In her prepared testimony, Strossen specifically criticized the Bureau of Prisons regulation allowing government eavesdropping on previously confidential attorney-client conversations as “unnecessary” and as a dangerous threat to the effective assistance of defense counsel. She also called the recent announcement by the Department of Justice that it would request ‘voluntary’ interviews with over 5,000 Arabs and Muslims in the United States based solely on their national origin “inherently coercive.”
Strossen also raised concerns with Attorney General Ashcroft’s blanket refusal to release essential information about the over 1,200 detainees being held in connection with the investigation, many on minor immigration violations.
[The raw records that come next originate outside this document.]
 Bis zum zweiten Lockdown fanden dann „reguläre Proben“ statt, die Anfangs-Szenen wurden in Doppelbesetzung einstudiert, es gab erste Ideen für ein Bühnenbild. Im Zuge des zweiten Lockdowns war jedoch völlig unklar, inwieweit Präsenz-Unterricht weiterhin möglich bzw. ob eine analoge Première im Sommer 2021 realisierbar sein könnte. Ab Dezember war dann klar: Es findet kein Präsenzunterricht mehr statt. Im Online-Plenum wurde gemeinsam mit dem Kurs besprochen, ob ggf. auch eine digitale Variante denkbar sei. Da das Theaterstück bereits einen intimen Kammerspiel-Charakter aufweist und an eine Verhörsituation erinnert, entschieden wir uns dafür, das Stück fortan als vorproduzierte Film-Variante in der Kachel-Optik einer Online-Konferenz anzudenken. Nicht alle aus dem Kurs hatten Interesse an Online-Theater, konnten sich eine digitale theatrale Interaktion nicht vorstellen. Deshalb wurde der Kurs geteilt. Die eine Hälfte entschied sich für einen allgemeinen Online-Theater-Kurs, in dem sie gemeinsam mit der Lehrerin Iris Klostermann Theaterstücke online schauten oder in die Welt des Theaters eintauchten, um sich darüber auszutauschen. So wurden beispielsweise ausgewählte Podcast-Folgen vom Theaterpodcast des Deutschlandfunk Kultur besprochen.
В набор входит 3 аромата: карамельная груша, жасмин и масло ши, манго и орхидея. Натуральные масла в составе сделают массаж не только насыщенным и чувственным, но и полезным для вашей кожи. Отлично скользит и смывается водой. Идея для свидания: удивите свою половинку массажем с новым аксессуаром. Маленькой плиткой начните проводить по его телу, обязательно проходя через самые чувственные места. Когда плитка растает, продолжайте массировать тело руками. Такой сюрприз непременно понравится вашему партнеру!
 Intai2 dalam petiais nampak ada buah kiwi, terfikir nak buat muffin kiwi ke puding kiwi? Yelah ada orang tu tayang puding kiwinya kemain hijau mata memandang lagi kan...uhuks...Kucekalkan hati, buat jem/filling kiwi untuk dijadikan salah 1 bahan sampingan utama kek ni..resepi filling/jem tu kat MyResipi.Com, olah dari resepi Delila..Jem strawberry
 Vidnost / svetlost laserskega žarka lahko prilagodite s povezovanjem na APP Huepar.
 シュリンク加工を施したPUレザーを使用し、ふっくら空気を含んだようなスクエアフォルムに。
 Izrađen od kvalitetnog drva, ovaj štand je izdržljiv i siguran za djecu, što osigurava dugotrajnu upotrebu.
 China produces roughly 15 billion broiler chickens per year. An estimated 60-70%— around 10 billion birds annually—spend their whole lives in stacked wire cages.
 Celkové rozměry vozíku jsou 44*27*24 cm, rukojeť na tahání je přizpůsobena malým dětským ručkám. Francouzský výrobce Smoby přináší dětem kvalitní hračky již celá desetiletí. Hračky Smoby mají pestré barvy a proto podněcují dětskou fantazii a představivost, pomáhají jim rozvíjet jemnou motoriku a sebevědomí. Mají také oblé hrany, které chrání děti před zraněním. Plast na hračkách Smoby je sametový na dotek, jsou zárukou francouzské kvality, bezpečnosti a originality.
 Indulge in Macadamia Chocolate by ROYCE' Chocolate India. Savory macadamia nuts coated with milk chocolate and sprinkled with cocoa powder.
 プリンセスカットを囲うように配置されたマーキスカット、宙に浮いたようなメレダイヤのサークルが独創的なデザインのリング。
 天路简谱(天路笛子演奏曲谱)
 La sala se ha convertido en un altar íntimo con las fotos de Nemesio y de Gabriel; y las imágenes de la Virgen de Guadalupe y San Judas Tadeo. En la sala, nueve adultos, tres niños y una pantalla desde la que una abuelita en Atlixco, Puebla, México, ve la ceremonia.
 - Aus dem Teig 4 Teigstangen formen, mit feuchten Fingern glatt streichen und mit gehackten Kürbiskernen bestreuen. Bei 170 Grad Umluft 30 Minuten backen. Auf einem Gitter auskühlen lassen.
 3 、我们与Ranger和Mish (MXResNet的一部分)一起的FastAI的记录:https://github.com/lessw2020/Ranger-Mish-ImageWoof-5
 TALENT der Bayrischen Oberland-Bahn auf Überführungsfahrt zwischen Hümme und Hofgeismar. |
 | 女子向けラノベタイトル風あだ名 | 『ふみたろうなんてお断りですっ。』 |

According to news reports, only 27 of these detainees have any information related to investigating the Sept. 11 attacks. Strossen called it the largest campaign of preventive detention since the Japanese internment in World War II.
Today’s hearing is one of a series called by the Senate Judiciary Committee to examine several controversial policy changes made over the past month by the Administration in the terrorism investigation. Several members of Congress from both sides of the aisle, including Committee Chairman Patrick Leahy (D-VT) and Sen. Arlen Specter (R-PA), have publicly voiced concerns over these recent curtailments of civil liberties.
“Throughout this investigation, the Administration has adopted a ‘trust us, we’re the government’ attitude toward its critics and the American people,” Strossen said. “But for our democracy to thrive, Congress and the American public must cast a skeptical eye over any attempt by the executive branch to amass new unchecked powers.”